Шрифт:
– Гхажш приказал тебя отпустить, если мы останемся одни. Ещё раньше, когда нас сковывали. Я смотрел, сможешь ли ты двигаться один. Ты можешь, я тебя отпускаю.
– А как ты это сделаешь? Нам же нечем расковать цепь, – я, действительно, этого не понимал, а то, что произошло потом, мне и в голову не могло прийти.

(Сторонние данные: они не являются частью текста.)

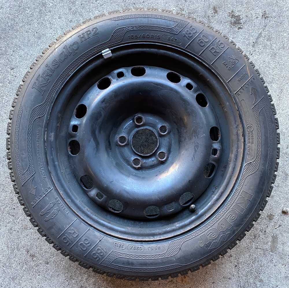 Plechový disk KFZ 7760 6Jx15 5x100x57 ET38 a Firestone Winterhawk 3 185/60 R15 84T 80%
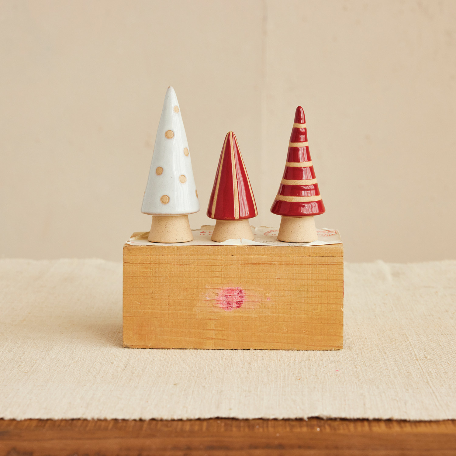 Stoneware Trees with Patterns, Red, White & Unglazed, Set of 3
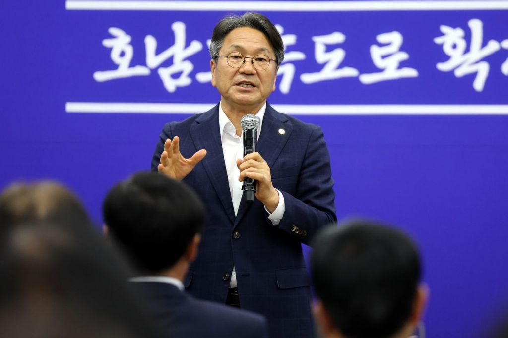 지난 1일 광주 북구 비엔날전시관 거시기홀에서 열린 호남고속도로 확장사업 주민토론회에서 강기정 광주시장이 발언하고 있다. 연합뉴스
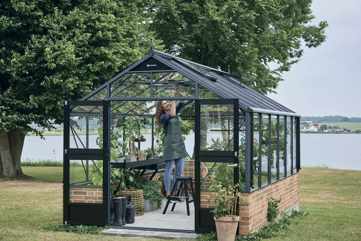Главная особенность модели — высокий цоколь, который добавляет конструкции визуальную завершённость. Каркас Juliana Premium выполнен из усиленного алюминиевого профиля, окрашенного в глубокий цвет антрацит методом порошкового напыления. Покрытие изготовлено из 4-миллиметрового закалённого стекла, обеспечивающего высокий уровень прочности и светопропускания. Увеличенная высота стен — 172 см — делает теплицу просторной и удобной для ухода за растениями.
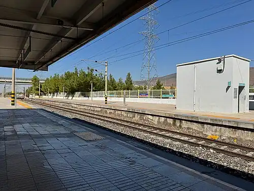 Hatundere station was originally opened in 1995 by the Turkish State Railways, along with the double-track Menemen-Aliağa railway.[1] Hatundere was one of four stations built on the railway, along with Aliağa, Biçerova and Yanıkköy, and was built as a high-level station. With its completion, TCDD operated a regional trains service between Aliağa and Çiğli station in İzmir, where connections to local train service to Alsancak station could be made.[3][4] In 1999 the State Railways and the İzmir Metropolitan Municipality unveiled plans for the Aliağa-Menderes railway corridor, which planned for a complete overhaul of the railway from Aliağa to Menderes, which would later be known as İZBAN.[5][6] This included the electrification and modernization of all stations. Electrification work began on 18 December 1998 and was completed on 6 May 2004, although no electric trains were put into service.[7] TCDD continued to operate regional railbus train service until 2006, when the construction of the Karşıyaka railway tunnel saw the closure of the railway between Çiğli and Basmane/Alsancak.[8] While efforts were made to continue train service between Aliağa and Çiğli, these ultimately failed and Hatundere station was temporarily closed to passenger service.[9][2] During its closure, certain upgrades to station were made, including the addition of turnstiles and PIS boards along with İZBAN signage. On 29 October 2010, İZBAN began testing its trains between Halkapınar and Aliağa with its new E22000 EMUs. On 30 January 2011, Hatundere reopened to passenger service with the extension of İZBAN's northern line from Çiğli to Aliağa.[10] Hatundere originally saw hourly train service between Aliağa and Alsancak. This frequency increased to half-hourly on 15 May 2011, due to high demand.[11]
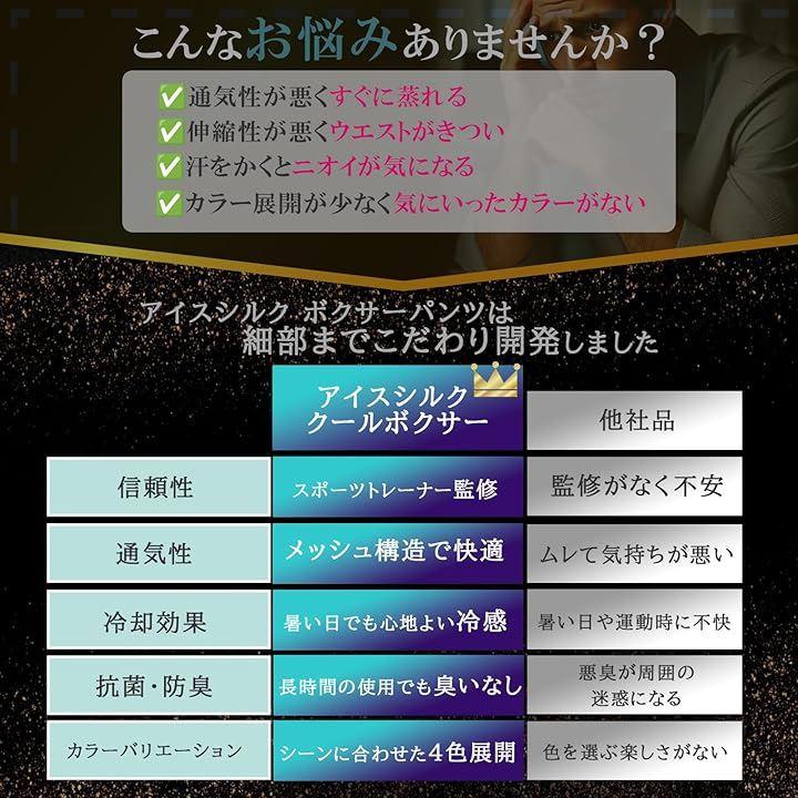 「クールテクノロジーによる持続的冷却効果」冷却効果に優れた素材を使用しており、履いた瞬間から心地よい冷感を実感できます。

– Помолчи! Ты всё время перебиваешь и не даёшь мне говорить! Если хочешь выйти из леса, держись на полуденное солнце, выйдешь в степь, дальше, как знаешь, там всё время шарятся конееды, а у тебя нет причин их бояться. Но учти, они могут сначала ударить копьём, а потом будут разбираться, кто ты такой, если захотят. Если хочешь добраться до опушки живым, а не попасться в пасть какому-нибудь бродячему пеньку, иди так, как мы шли до этого: не приближайся ни к чему, что крепче, чем трава! Не вздумай рвать орехи или ягоды с кустов! Можешь есть всё, что растёт на траве. Можно выкапывать корни кувшинок, есть съедобные травы, если знаешь, какие. Можно есть муравьев и их личинки, дождевых червей, их здесь много. Иногда в болотах попадаются лягушки, а в ручьях – рыба. Воду здесь можно пить любую, даже болотную. Тебе понятно?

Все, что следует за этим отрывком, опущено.